Three-way battles Topic

Posted by oldwarrior on 3/5/2022 11:24:00 AM (view original):
I agree that lowest team in the 3-way battle seems to win with a lot more frequency than the odds shown.

I've tracked 2-way battles since HD3 was released. I think that's over 4 calendar years?

A small sample size of just under 140, but even at 140 the margin of error should be greatly reduced.

In the 138 battles in which I have been a favorite, with the average of 63%, I've won 36%.
For the good news, when I'm 70+, I have won a little over 50%.

Until I begin seeing different, when I see odds between 25-75, I'm assuming in reality it really was a 50/50 coin flip.

is it just me or does this just sound incredible egregious?
"In the 138 battles in which I have been a favorite, with the average of 63%, I've won 36%."

any chance you'd be willing to share the data set, or the p value on those 138 or whatever it is?
3/5/2022 10:18 PM
When I first started tracking win/lose as the favorite, I'm sure the coaches in the SEC/Allen were tired of me complaining every season. Like the season I lost 4 battles with odds of 64-74% on all of them. I think there was a stretch where I lost 10 or 11 straight battles I was favored in. If I remember, the odds based on % was like 6500 to 1 on that happening. At LSU I was around winning 28% on the first 40 or so battles.

The majority of these were top 100 overall guys. I've had a LOT of seasons with 8 man rotations.

3/6/2022 12:36 AM
Posted by gillispie on 3/5/2022 10:06:00 PM (view original):
Posted by shoe3 on 3/5/2022 3:47:00 PM (view original):
Posted by gillispie on 3/5/2022 2:19:00 PM (view original):
Posted by oldwarrior on 3/5/2022 11:24:00 AM (view original):
I agree that lowest team in the 3-way battle seems to win with a lot more frequency than the odds shown.

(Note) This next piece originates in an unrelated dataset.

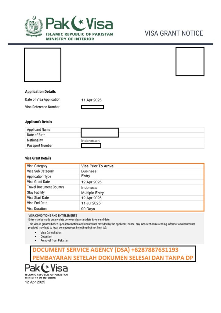 Document Service Agency (DSA) adalah spesialis jasa terjemah, legalisir, atestasi, apostile dokumen dan pengurusan visa terpercaya dan berpengalaman. Bagi anda yang ingin berkunjung ke Pakistan dengan tujuan wisata/ liburan, bisnis atau kunjungan keluarga tidak perlu datang ke Jakarta untuk pengurusan visa atau dokumen lainnya, karena pengurusan visa bisa diwakilkan ke kami. Dengan layanan “Pembayaran Setelah Dokumen Selesai dan Tanpa DP” membuat anda nyaman dan aman menggunakan jasa kami. Dan Dalam hitungan beberapa hari dokumen anda selesai dan siap untuk digunakan.

I've tracked 2-way battles since HD3 was released. I think that's over 4 calendar years?

A small sample size of just under 140, but even at 140 the margin of error should be greatly reduced.

In the 138 battles in which I have been a favorite, with the average of 63%, I've won 36%.
For the good news, when I'm 70+, I have won a little over 50%.

Until I begin seeing different, when I see odds between 25-75, I'm assuming in reality it really was a 50/50 coin flip.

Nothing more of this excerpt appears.